Some filmmakers become genres unto themselves. A “Wes Anderson movie” very quickly came to mean something specific, regardless of its definition as coming-of-age picture (Rushmore), Salingeresque family comedy (The Royal Tenenbaums), or animated kiddie fare (Fantastic Mr. Fox). If you’ve absorbed the storybook Anderson style, you won’t find too many surprises in The Grand Budapest Hotel, his eighth feature. But you will find a disciplined silliness—and even an occasional narrative shock—that vaults this movie beyond the overdeveloped whimsy that has affected Anderson’s work since The Life Aquatic With Steve Zissou.
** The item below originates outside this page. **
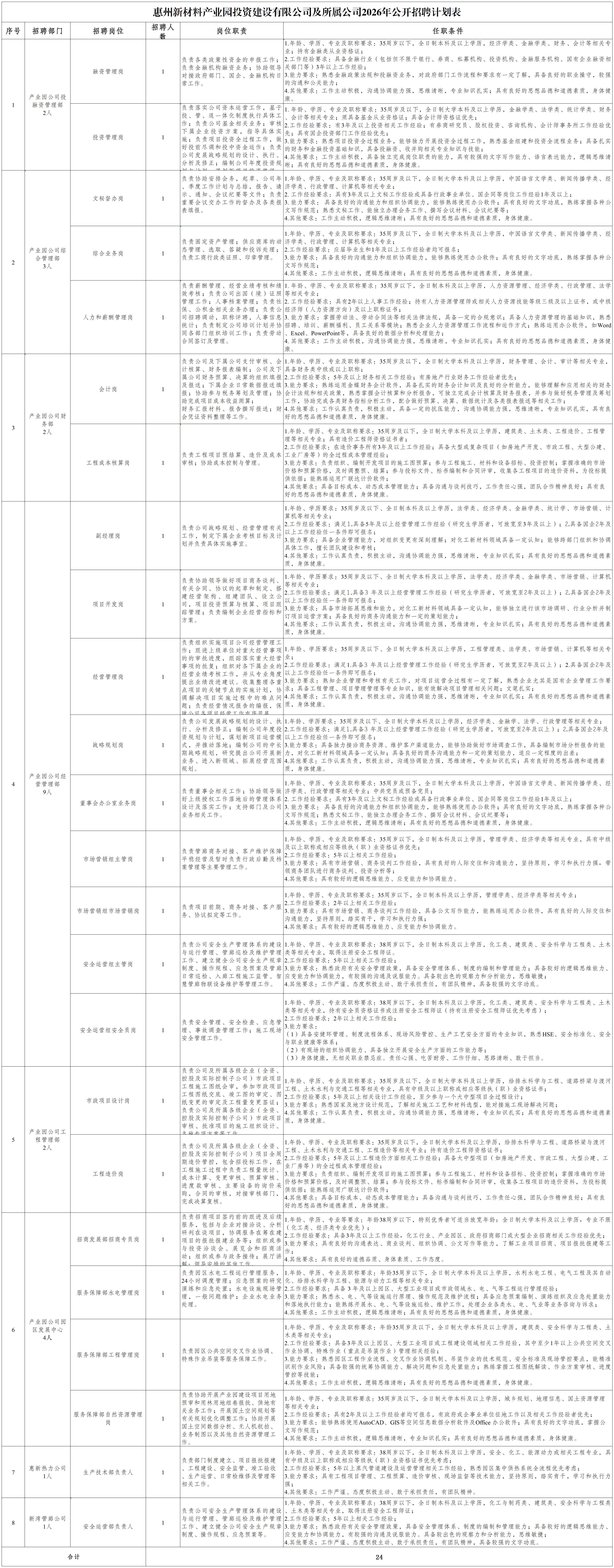 现根据业务发展需要,惠州新材料产业园投资建设有限公司及所属惠州惠新热力发展有限公司、惠州新湾公用管廊有限公司拟向社会公开招聘岗位工作人员24名,现将有关事项公告如下: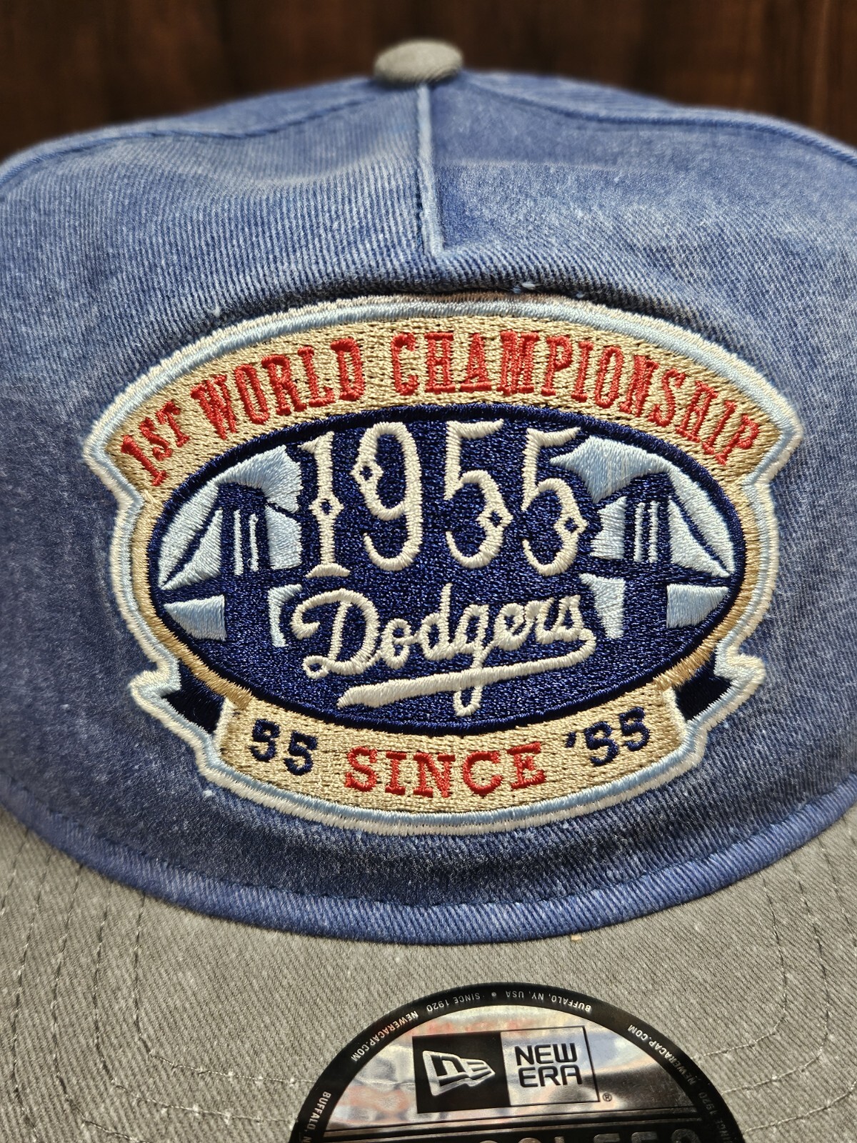 This LA Dodgers New Era baseball cap is a must-have accessory for any sports fan. With its gray and blue color scheme and adjustable snapback closure, it is both stylish and comfortable. The cap features the team's logo and the words "1955 1st World Championship" embroidered on the front, making it a great piece of memorabilia for the team's storied history. Perfect for any occasion, whether you're going to a baseball game, traveling, or just looking for a casual outfit, this cap is a great addition to any wardrobe.

By the time of its 1968 framing story, the Grand Budapest Hotel has been robbed of its gingerbread design by a Soviet (or some similarly aesthetically challenged) occupier—the first of the film’s many comments on the importance of style. A writer (Jude Law) gets the hotel’s story from its mysterious owner, Zero Moustafa (F. Murray Abraham, a lovely presence). Zero takes us back between world wars, when he (played now by Tony Revolori) began as a bellhop at the elegant establishment located in the mythical European country of Zubrowka. Dominating this place is the worldly Monsieur Gustave, the fussy hotel manager (Ralph Fiennes, in absolutely glorious form), a man given to reciting poetry and dousing himself in a fruity cologne called “L’air du panache.” The death of one of M. Gustave’s elderly ladyfriends (Tilda Swinton) leads to a wildly convoluted tale of a missing painting, resentful heirs, a prison break, and murder. Along the way Zero meets a comely confectioner (Saoirse Ronan), allowing the writer/director to prove that a pastry shop is as ideal a Wes Anderson location as a continental hotel.

Adrien Brody and Willem Dafoe play fascist villains, and Edward Norton is a fumbling policeman. Some of Anderson’s other regulars—Bill Murray, Jason Schwartzman, Owen Wilson—flash by in cameos. All are in service to a project so steeped in Anderson’s velvet-trimmed bric-a-brac we might not notice how rare a movie like this is: a comedy that doesn’t depend on a star turn or a high concept, but is a throwback to the sophisticated (but slapstick-friendly) work of Ernst Lubitsch and other such classical directors. In films like this, behavior and personal elan are the currency that matters, a triumph that outlives the unpleasantness of dictators and storm troopers—as evidenced by the way the aged Zero still speaks worshipfully about his natty mentor. In a delightful way, Anderson is making the case for the value of his own moviemaking approach. Yes, he spritzes “L’air du panache” over his work, but in this case the combination of playfulness and gravity makes The Grand Budapest Hotel linger in the air long after it’s is over.